I reached the corner of the room and rounded it to approach the table, and as I did so, I felt some sort of fabric graze my hand. I looked down at what appeared to be some strange old doll sitting in a beat-up rocking chair. But the shadows and Conrad’s call both prevented me from further glares.
“Sonny, this one’s for you,” said Conrad, standing by the table with the others.
I obliged and grabbed the glass, which was three-fingers full, and tipped it to him in gratitude. The others raised theirs and Conrad toasted.
“To old legends and new fellowships.”
“Here, here,” we said.
We all drank, though I caught the silhouette of Fritz in the background. He was as stiff as the doll behind me.

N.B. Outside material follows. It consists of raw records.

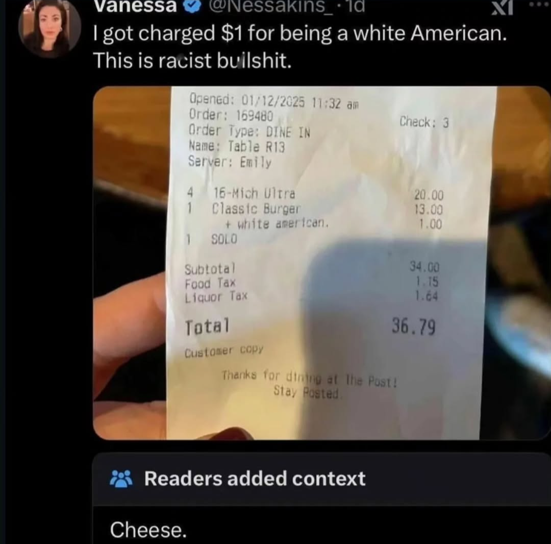 no banana@piefed.world to Lemmy Shitpost@lemmy.worldEnglish · 1 day agoRacism restaurant media.piefed.worldimagemessage-square123fedilinkarrow-up1998arrow-down117
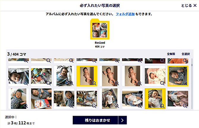 というお悩みをもつ方に、簡単に写真選びができるアシスト機能のついたアルバム作成サービスです。
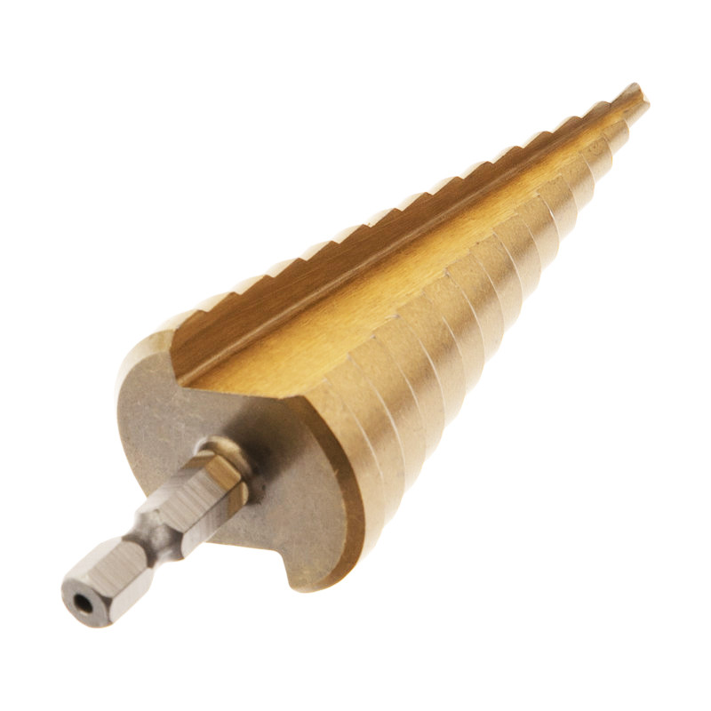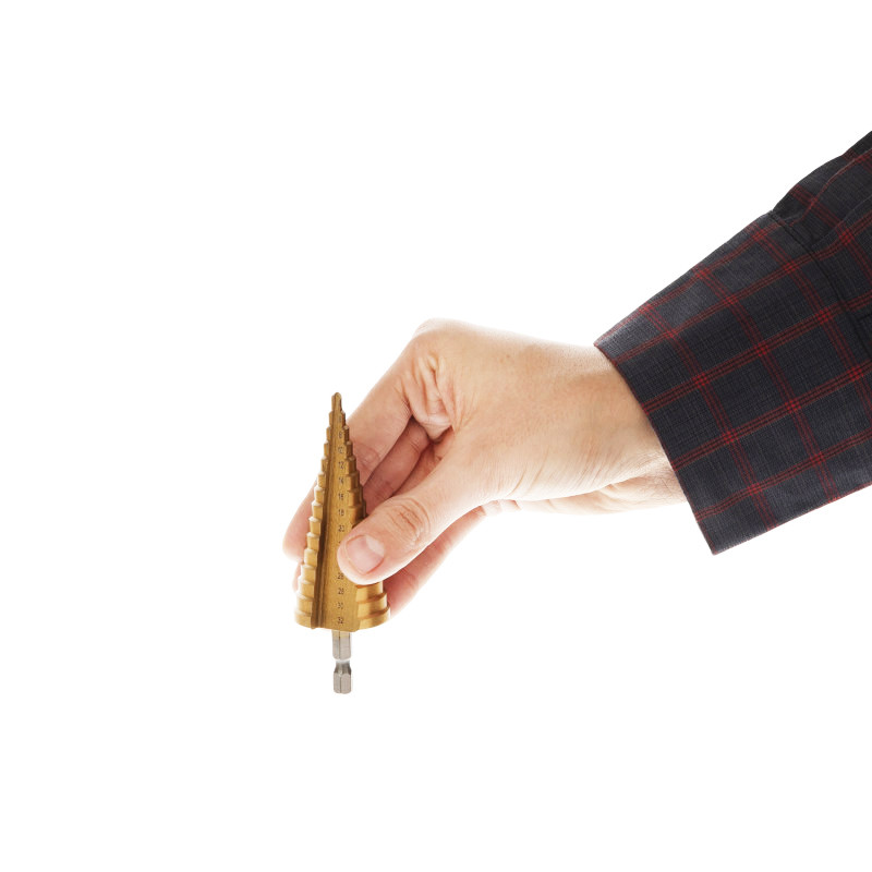 مته مخروطی یا مته پلهای یکی از مته های پر کاربرد برای سوراخ کاری فلزات، چوب و... است. این مته شکلی شبیه درخت کاج دارد و به همیند علت به آن مته کاجی هم میگویند. روی این مته پلههایی وجود دارد که همان سایزبندی مته را نشان میدهد و از اندازه ک به زیاد درجه بندی شده است و در واقع کارایی چند مته با سایزهای مختلف را دارد. اعداد حکاکی شده روی مته نشان دهنده قطر سوراخ است. این محصول یک عدد مته 15 پلهای سایز 4 تا 32میلیمتر است که سوراخ های متعددی به قطر 4 تا 32 میلیمتر در کار ایجاد میکند این کالا از جنس فلز HSS بوده و برای سوراخ کردن انواع فلز استفاده خواهد شد. از ویژگی این محصول داشتن دنباله شش ضلعی در قسمت ساقه مته است که امکان استفاده در پیچ گوشتی های شارژی که فاقد سه نظام هستند را امکان پذیر میکند

“Let’s get right on to it, shall we?” said Conrad. “This creature…this demon, as some have called it, is expected to make its appearance at some time on this very eve.”

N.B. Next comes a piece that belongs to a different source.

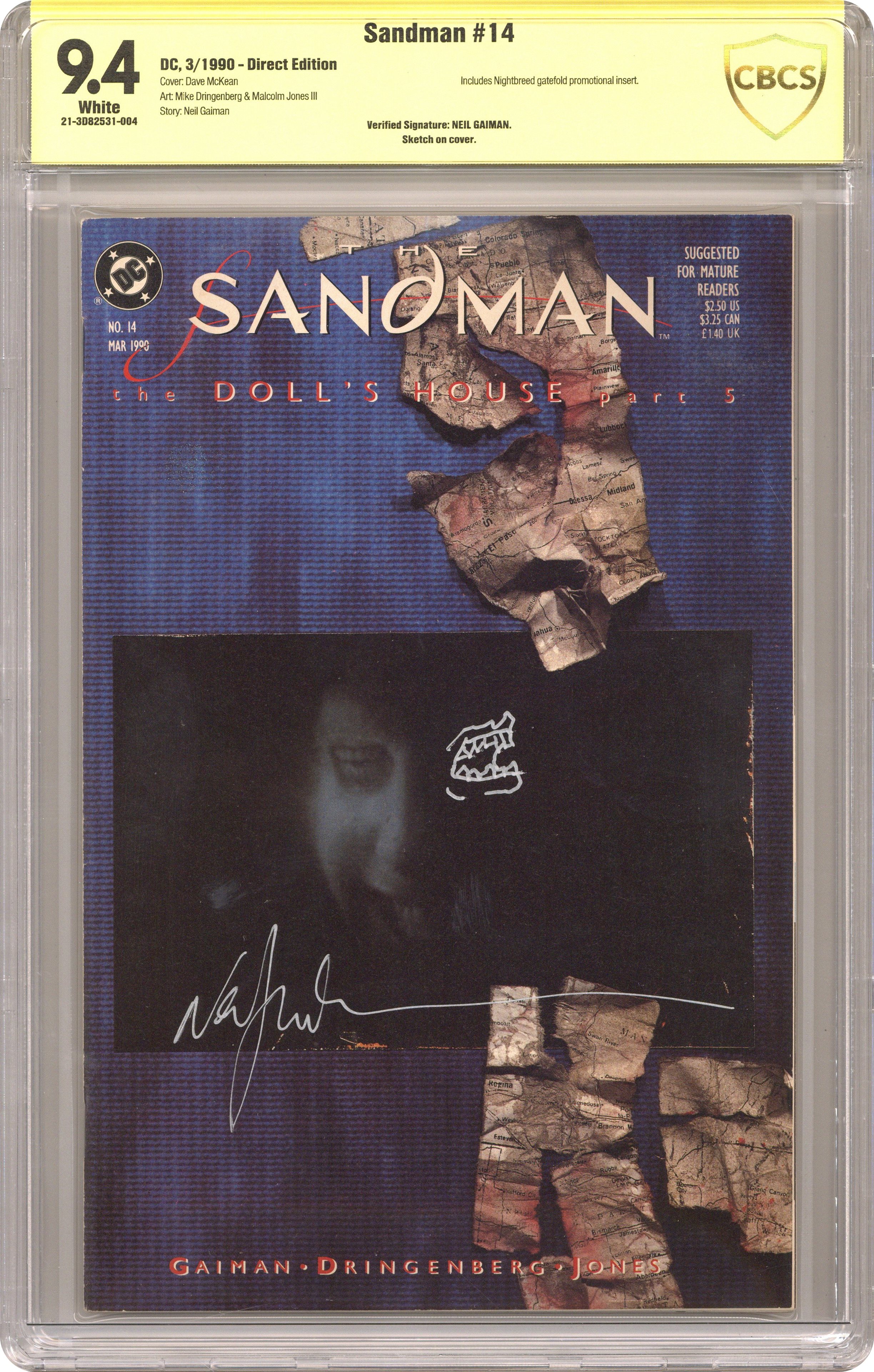 Published Mar 1990 by DC/Vertigo.Sandman (1989 DC/Vertigo) 14 CBCS 9.4 Signed Gaiman

“How do you know it’ll be tonight?” said Bill Prescott.
“Because, my sharp-tongued friend, a wise old sage me so.”
“Which one?” asked John Gray as he kept fidgeting in the uncomfortable duskiness of the room.
“Familiar with many wise old sages?” asked Conrad mockingly. “Well, I’ll have you know it was a spry, little old thing called Lady Evangeline.”
Conrad looked around, almost annoyed, waiting for any more objections to deflect.
“What’s our course?” I said, trying to spend as little time in that ancient smelling chamber as we must. “What do you expect from us?”
“Ah…yes, the course of action, hmm, Sonny? Well, you see, the plan is a simple one. Soon, a man called Finnegan will knock on that door. And when he does, we shall all go out and follow him to his boat and board it. From there, we’ll cast our nets and ropes and apparatuses into that lake, and, when the time comes, that serpent will rear its ugly head and we’ll strike.”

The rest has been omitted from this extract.